WHAT THE EXERCISE ASKS: Print out the entries from the line containing "Stunning wedding gown" through the last line, exactly, and print nothing else. Pictures are not copied.

EXERCISE MATERIAL:
----------
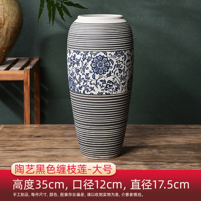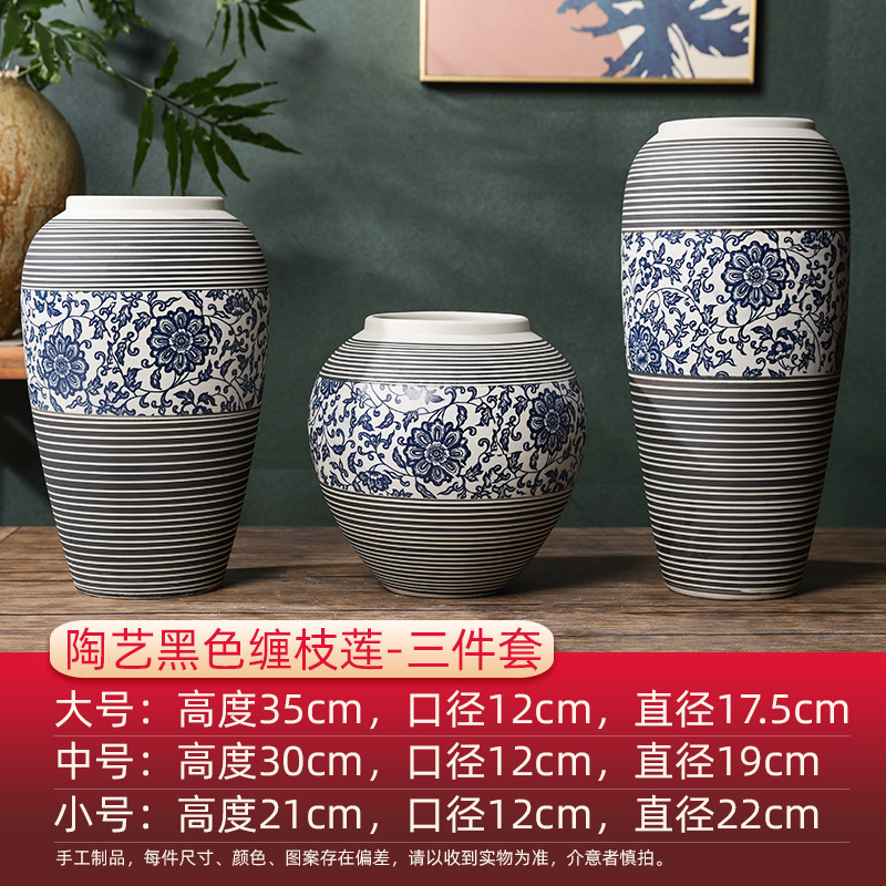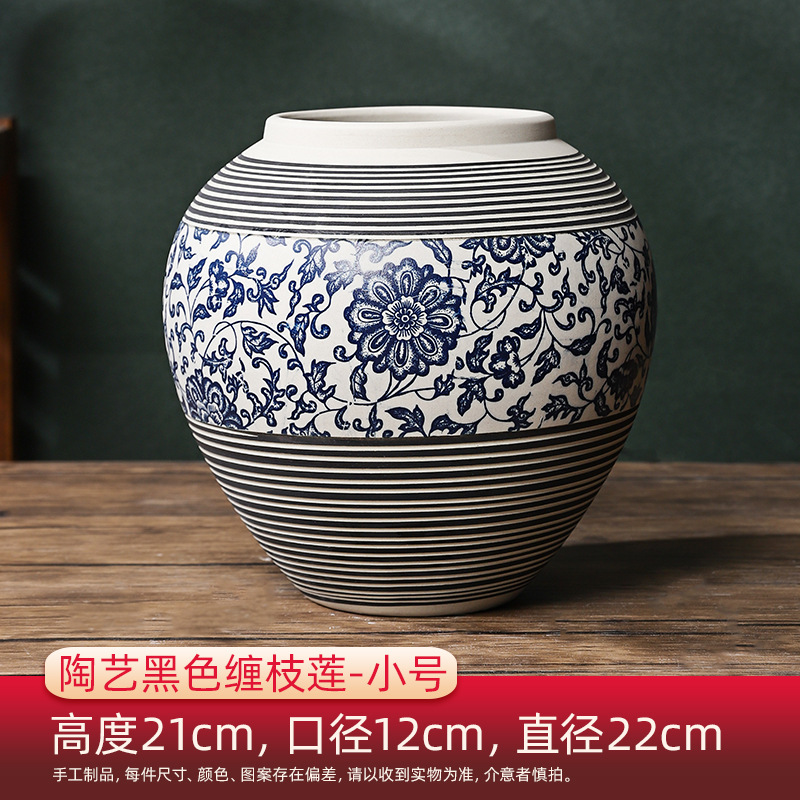 홈 장식 장식 Jingdezhen 세라믹 꽃 꽃병 새로운 중국 스타일 레트로 블루와 화이트 세라믹 아트 블랙 Zhilian
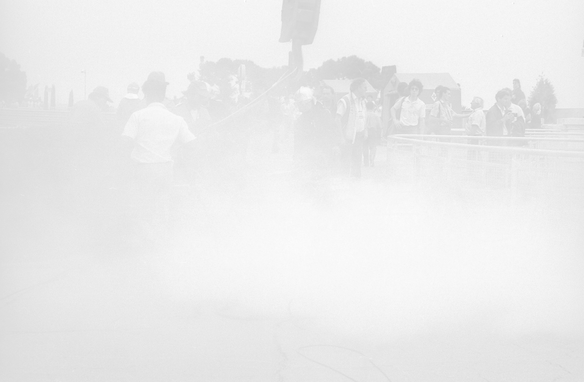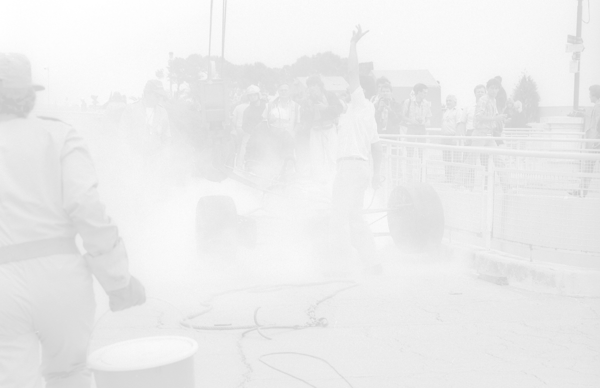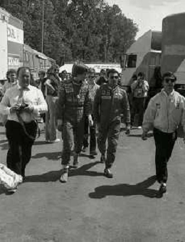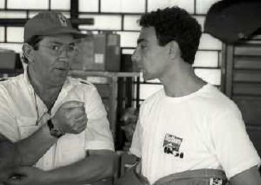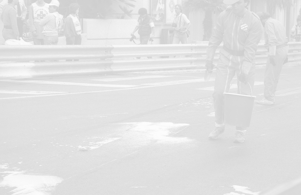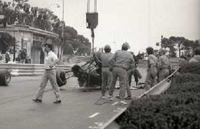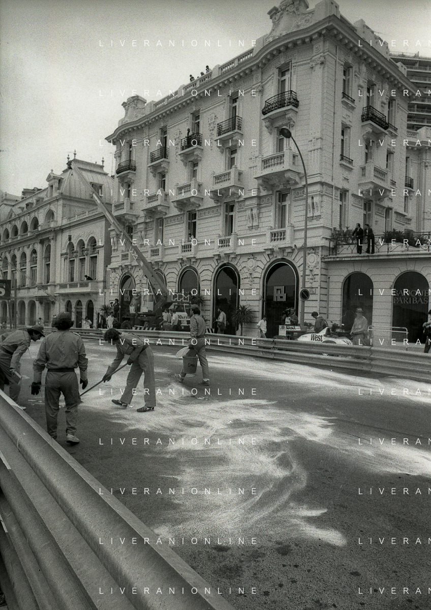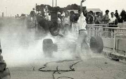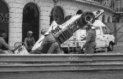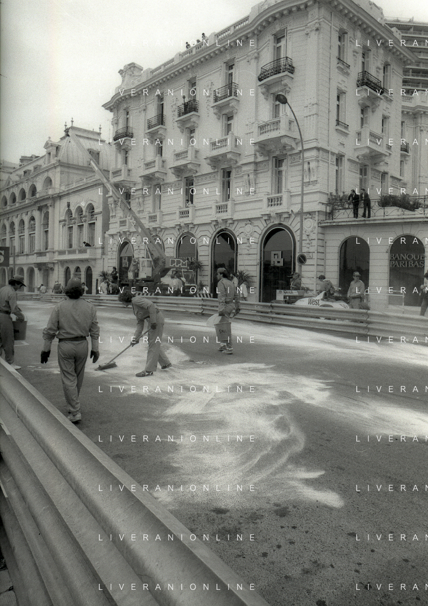 NEG-RETROSPETTIVA MICHELE ALBORETO PILOTA NELLA FOTO MICHELE ALBORETO CON CHRIISTIAN DANNER INCIDENTE ALLE PROVE DEL GP MONTECARLO ANNO 1987 AG ALDO LIVERANI SAS
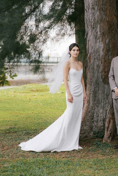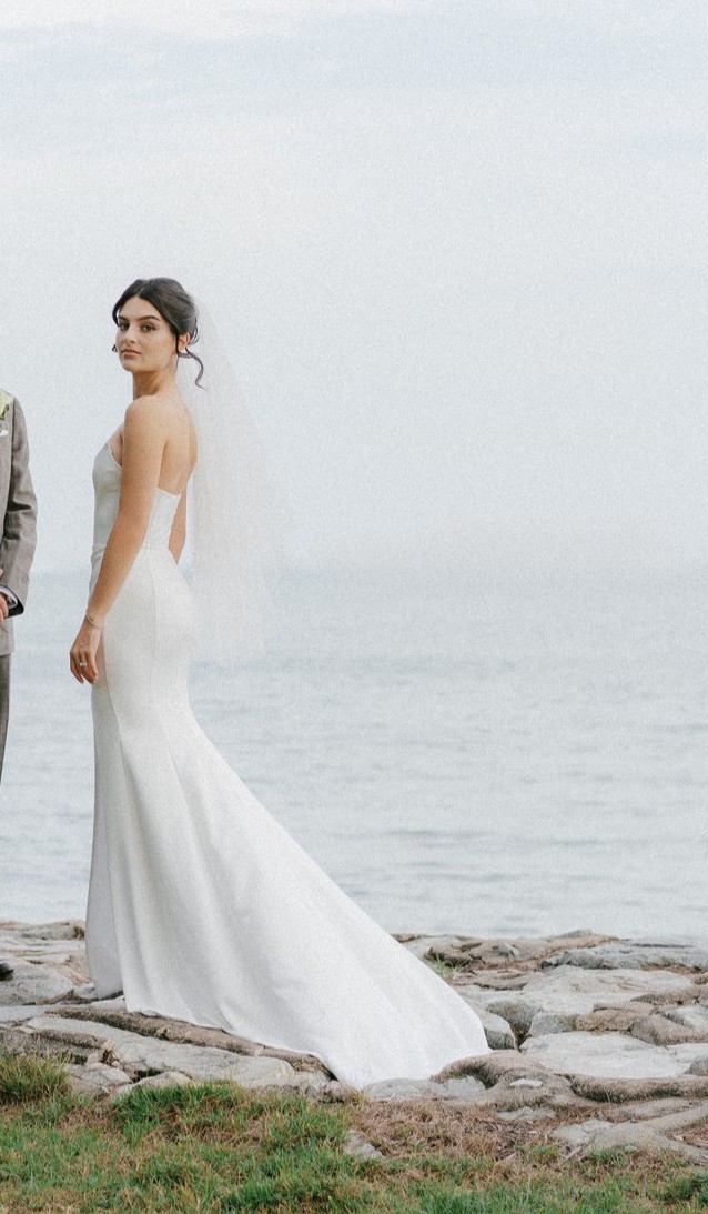 Stunning wedding gown with train and a side slit. Perfect for a summer outdoors wedding (I was very grateful for the slit :)
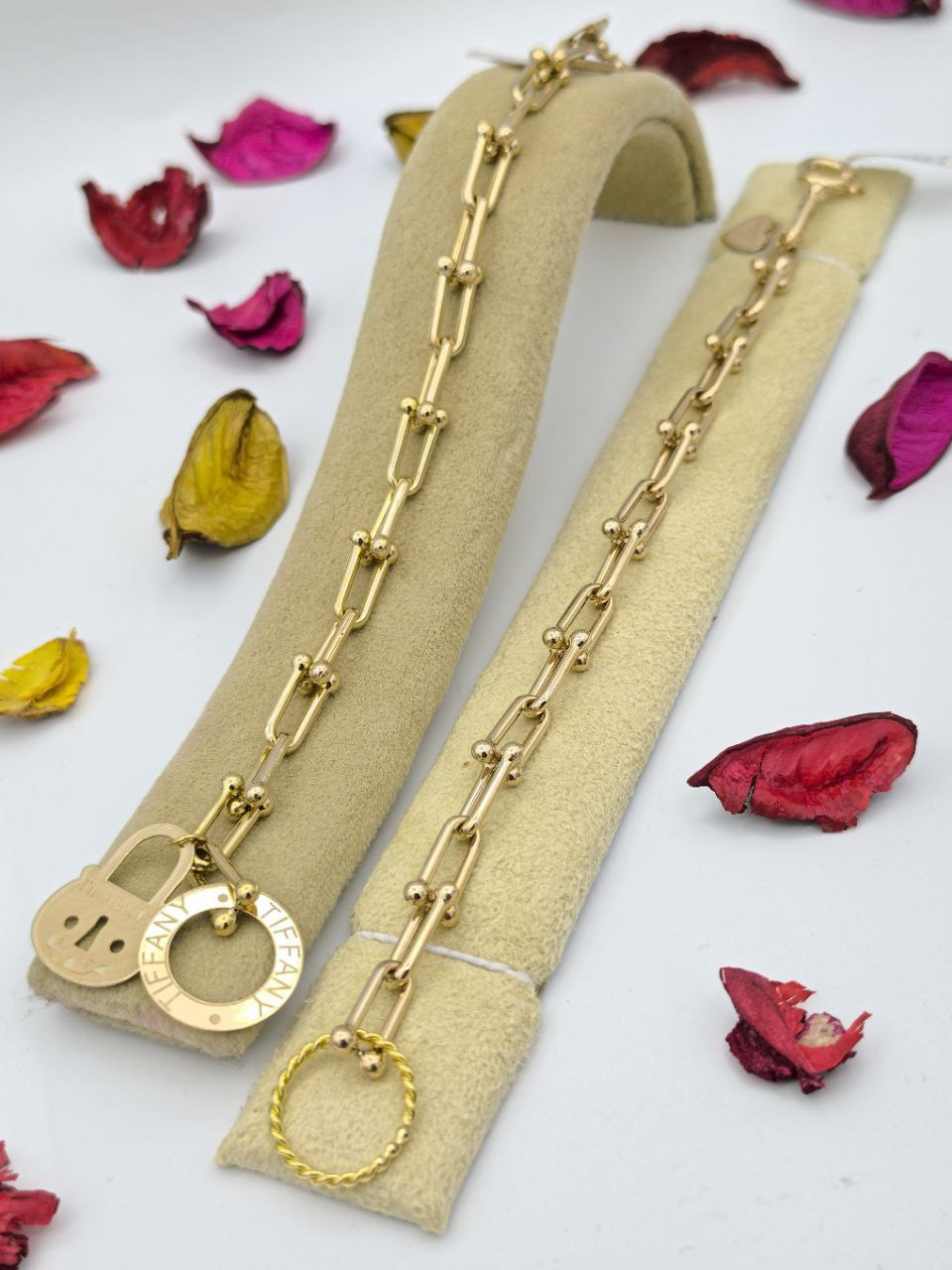 دستبند زنجیری ( تیفانی ) وزن حدودی 10 گرم قیمت : وزن طلا با 15 درصد در طلای روز
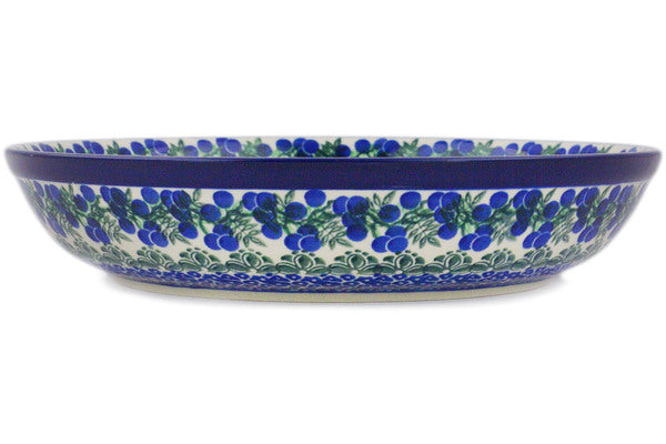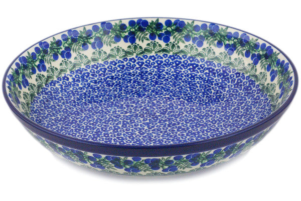 This Blueberry Fields Forever 13" Bowl was handmade and hand decorated in Boleslawiec, Poland by skilled artisans according to old traditional methods. This Polish stoneware is microwave, dishwasher, freezer, and oven safe up to 480°F. It does not contain lead or cadmium. It is part of the Blueberry Fields Forever Collection.
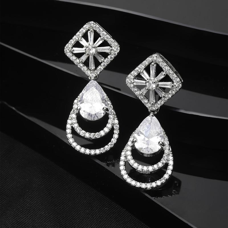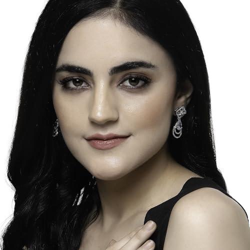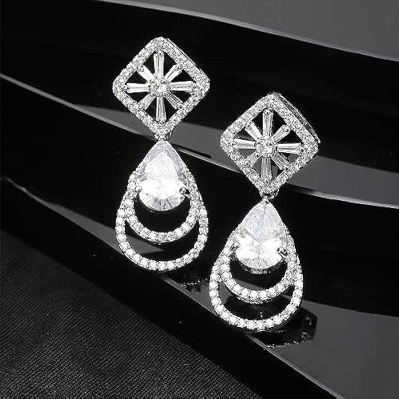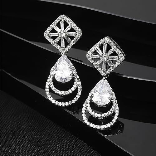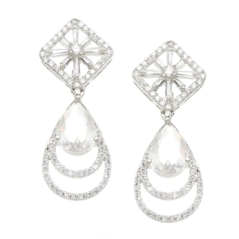 Elegant and stylish handcrafted earrings featuring teardrop design with American diamonds. Rhodium-plated for extra shine and durability.
----------
RESULT:
 Stunning wedding gown with train and a side slit. Perfect for a summer outdoors wedding (I was very grateful for the slit :)
 دستبند زنجیری ( تیفانی ) وزن حدودی 10 گرم قیمت : وزن طلا با 15 درصد در طلای روز
 This Blueberry Fields Forever 13" Bowl was handmade and hand decorated in Boleslawiec, Poland by skilled artisans according to old traditional methods. This Polish stoneware is microwave, dishwasher, freezer, and oven safe up to 480°F. It does not contain lead or cadmium. It is part of the Blueberry Fields Forever Collection.
 Elegant and stylish handcrafted earrings featuring teardrop design with American diamonds. Rhodium-plated for extra shine and durability.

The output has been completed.